Optional LDAP credentials (for rsync writes and certain tasks):

LDAP_BIND_DN=dn LDAP_BIND_PASSWORD=pass docker compose up --build

Useful container commands:

docker compose exec atr bash          # Shell in running container
docker compose run --rm atr bash      # Start container with shell (not ATR)
docker compose down                   # Stop the server

Option 2: Running directly

For faster iteration without containers:

# Clone your fork
git clone https://github.com/YOUR_USERNAME/tooling-trusted-releases.git
cd tooling-trusted-releases

# Install Python dependencies
uv sync --frozen --all-groups

# Create state directory and certificates
mkdir -p state
make certs-local

# Start the server
make serve-local

To add your username as an administrator of ATR during testing, you can set the ADMIN_USERS_ADDITIONAL environment variable in the call to make. For example: ADMIN_USERS_ADDITIONAL=alice make serve-local. This is a comma separated variable, so to add alice and bob you can use ADMIN_USERS_ADDITIONAL=alice,bob.

Accessing the site:

We recommend using localhost.apache.org, which requires adding to /etc/hosts:

127.0.0.1 localhost.apache.org

Then visit: https://localhost.apache.org:8080/

Alternatively, use https://127.0.0.1:8080/ without modifying hosts.

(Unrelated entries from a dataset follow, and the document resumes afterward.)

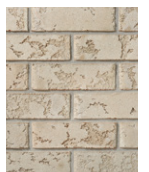
STERLING GRAY Premier Plus †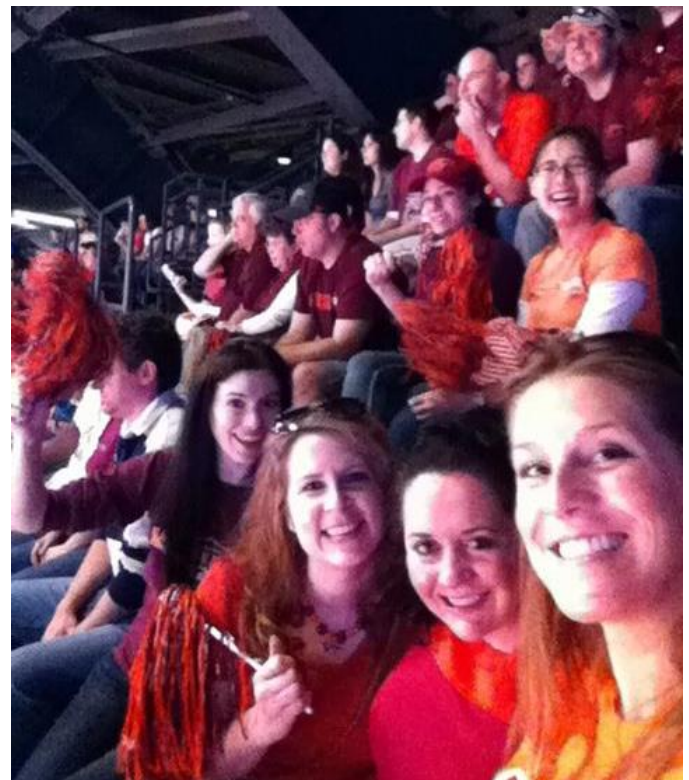
Atlanta Chapter alumni cheer on the Hokies at the Virginia Tech vs. Georgia Tech basketball game at Georgia Tech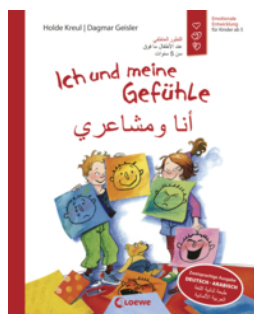
Safe Child, Happy Parent – Me and My Feelings (German - Arabic) - Bilingual Edition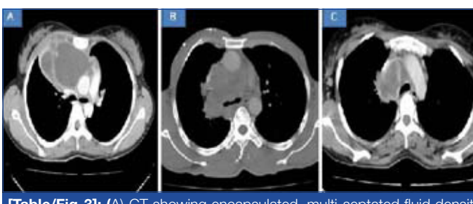
[Table/Fig-3]: (A)-CT showing encapsulated, multi-septated fluid density lesion in the anterior mediastinum measuring about 9.5 x 6.5 cms. (Teratoma) (B)-CT showing lobulated mass lesion measuring 12.5 x 7.5 x 6.6 cms in the anterior and middle mediastinum. (NHL) (C)-CT showing peripherally enhancing conglomerate lymph nodes with central necrosis in the midline and right paramedian region compressing superior vena-cava and encasing trachea. (Mediastinal tuberculosis)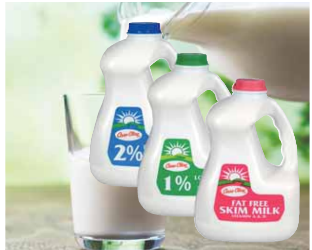
Cass-Clay EZ Grip Milk 97 oz, All Varieties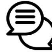
Response to feedback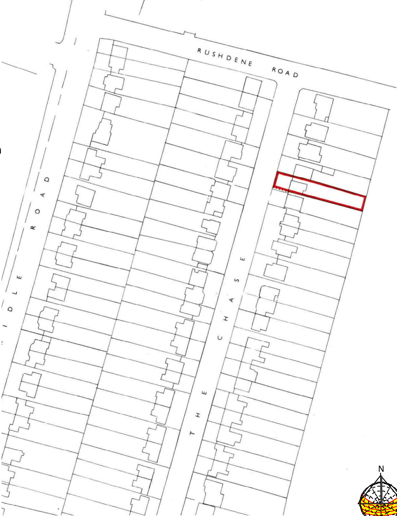
LOCATION PLAN Site boundary shown in red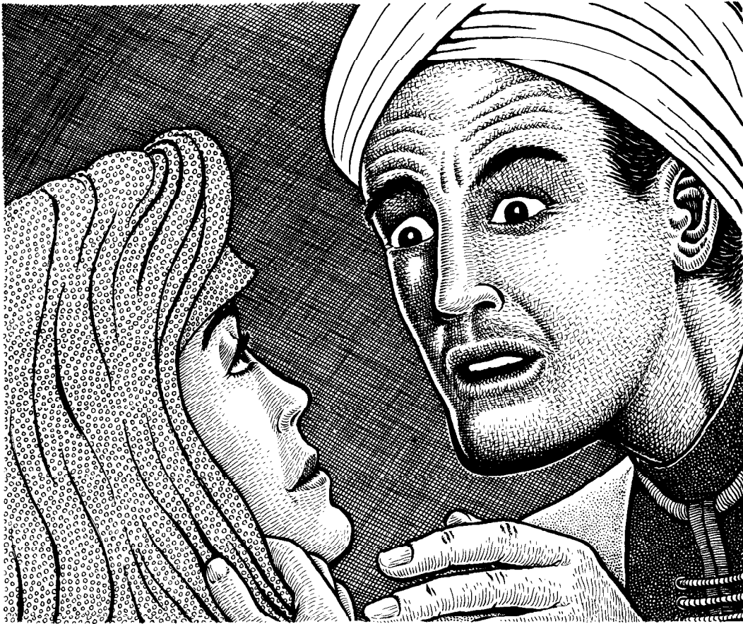
The bride drew back her heavy veil, and Jacob was amazed to see that he had married Leah—not Rachel!

When the seven years had passed, Jacob reminded Laban that it was time for the marriage. Laban gave a great marriage feast that lasted a whole week. Many people were invited, and it was a time of much celebration.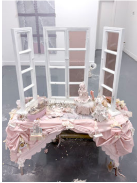
destroy, she sulked, 2024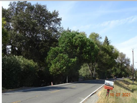
View looking upstream at landscape vegetation blocking visibility and access, Fall 2021.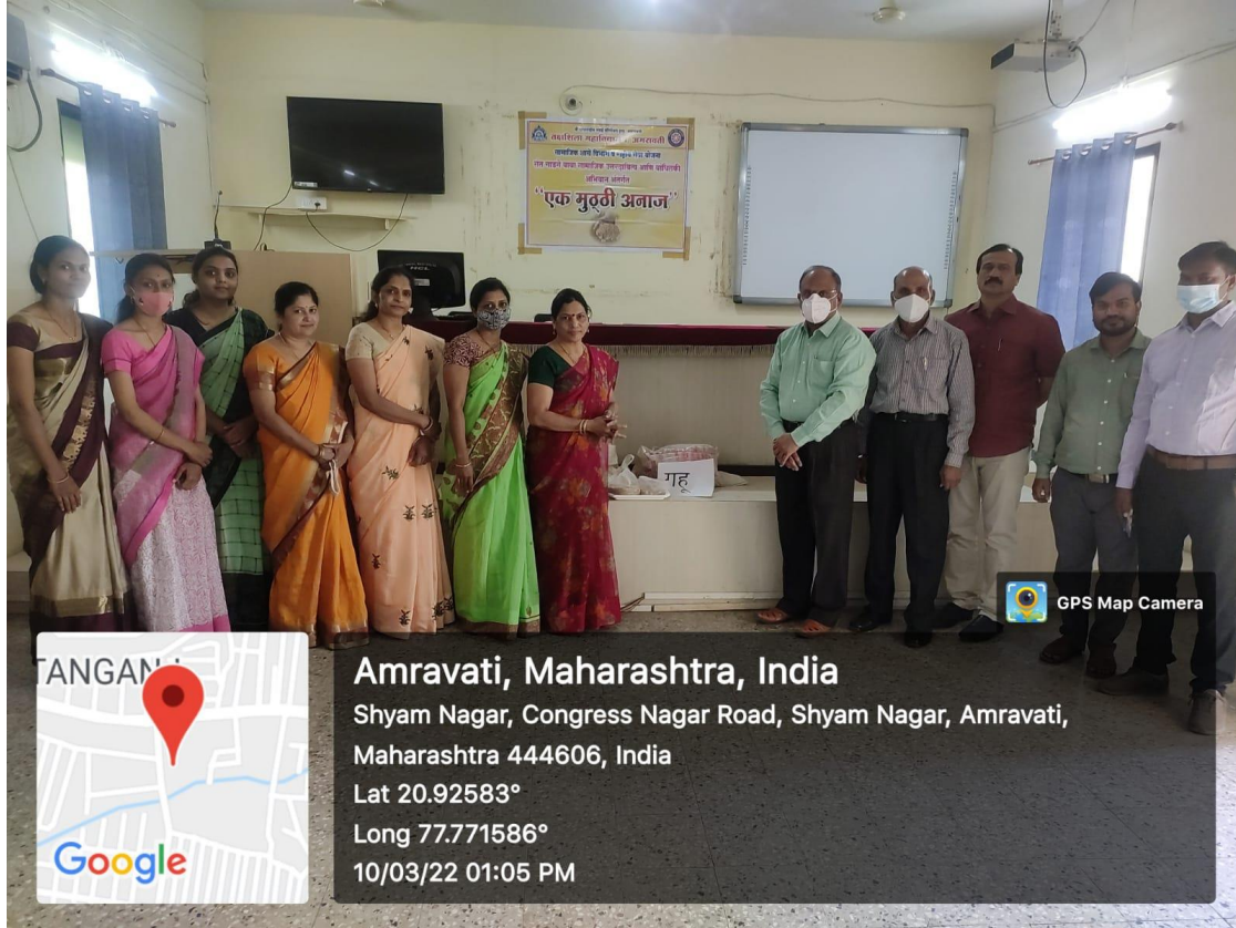
Ek Mutthi Anaj Inauguration Programme Present Staff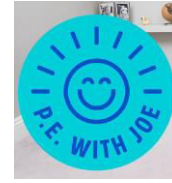
PE with Joe Wicks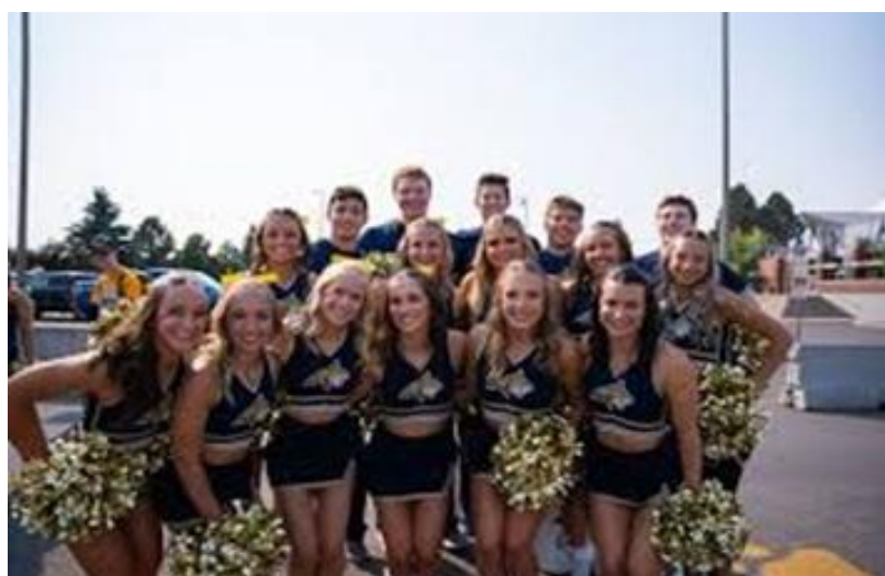
Montana Montana State University Bozeman

Note: Pick one host and stick with it - logging in on one host doesn't log you in on another.

Why TLS is required: ATR uses the actual ASF OAuth server for login, even in development. This keeps development behavior aligned with production.

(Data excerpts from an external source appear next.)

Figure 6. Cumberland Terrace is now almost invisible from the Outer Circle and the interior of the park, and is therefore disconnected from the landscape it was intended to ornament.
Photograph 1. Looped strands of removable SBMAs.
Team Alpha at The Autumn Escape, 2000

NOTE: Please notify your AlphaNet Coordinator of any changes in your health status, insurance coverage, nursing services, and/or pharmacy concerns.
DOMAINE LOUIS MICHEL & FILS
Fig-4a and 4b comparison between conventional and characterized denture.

Initial startup: It takes 1-2 minutes to fetch committee and project information from the ASF website. Until complete, no existing committees/projects will appear.

Development workflow

  1. Set up pre-commit hooks:

    uv run pre-commit --frozen install
  2. Run code checks:

    make check        # Full checks
    make check-light  # Quick checks
  3. Run tests:

    sh tests/run-playwright.sh   # Browser tests with Docker Compose
    sh tests/run-e2e.sh          # End-to-end tests
  4. Build documentation:

    make docs

Key Make targets

Target Description
make serve-local Run server locally with debug mode
make check Run all pre-commit checks
make check-light Run quick pre-commit checks
make docs Build documentation
make build-alpine Build the Alpine container
make run-playwright Run browser tests

See BUILD.md for the complete list of build targets.

Project structure

tooling-trusted-releases/
├── atr/              # Main application source code
│   ├── api/          # API endpoints
│   ├── db/           # Database interfaces
│   ├── docs/         # Documentation (Markdown)
│   ├── get/          # GET route handlers
│   ├── models/       # Data models (SQLModel/Pydantic)
│   ├── post/         # POST route handlers
│   ├── shared/       # Shared route handler code
│   ├── storage/      # Storage interface
│   ├── tasks/        # Background task definitions
│   └── templates/    # Jinja2 templates
├── playwright/       # Browser test scripts
├── scripts/          # Build and utility scripts
├── state/            # Runtime state (created at runtime)
└── tests/            # Test configuration and e2e tests

Useful resources

Troubleshooting

Certificate issues

If you encounter TLS certificate problems when running directly:

  1. Ensure mkcert is installed and run make certs-local
  2. You may need to run mkcert -install to trust the local CA
  3. See the mkcert documentation for platform-specific guidance

Security note: mkcert -install creates a CA valid for 10 years for your system, Java, and Firefox. If the private key (rootCA-key.pem in the directory shown by mkcert -CAROOT) is ever leaked, anyone could create certificates trusted by your system. See the mkcert caveats.

Container issues

If Docker Compose fails:

# Clean up and rebuild
docker compose down -v
docker compose build --no-cache
docker compose up

Session caching (local development)

Developers without LDAP credentials can cache session information:

  1. Visit /user/cache
  2. Press the "Cache me!" button
  3. Restart the server to clear the authorization cache if needed

This writes your session to the ATR state directory, which is consulted instead of LDAP. This feature only works in debug mode (make serve-local).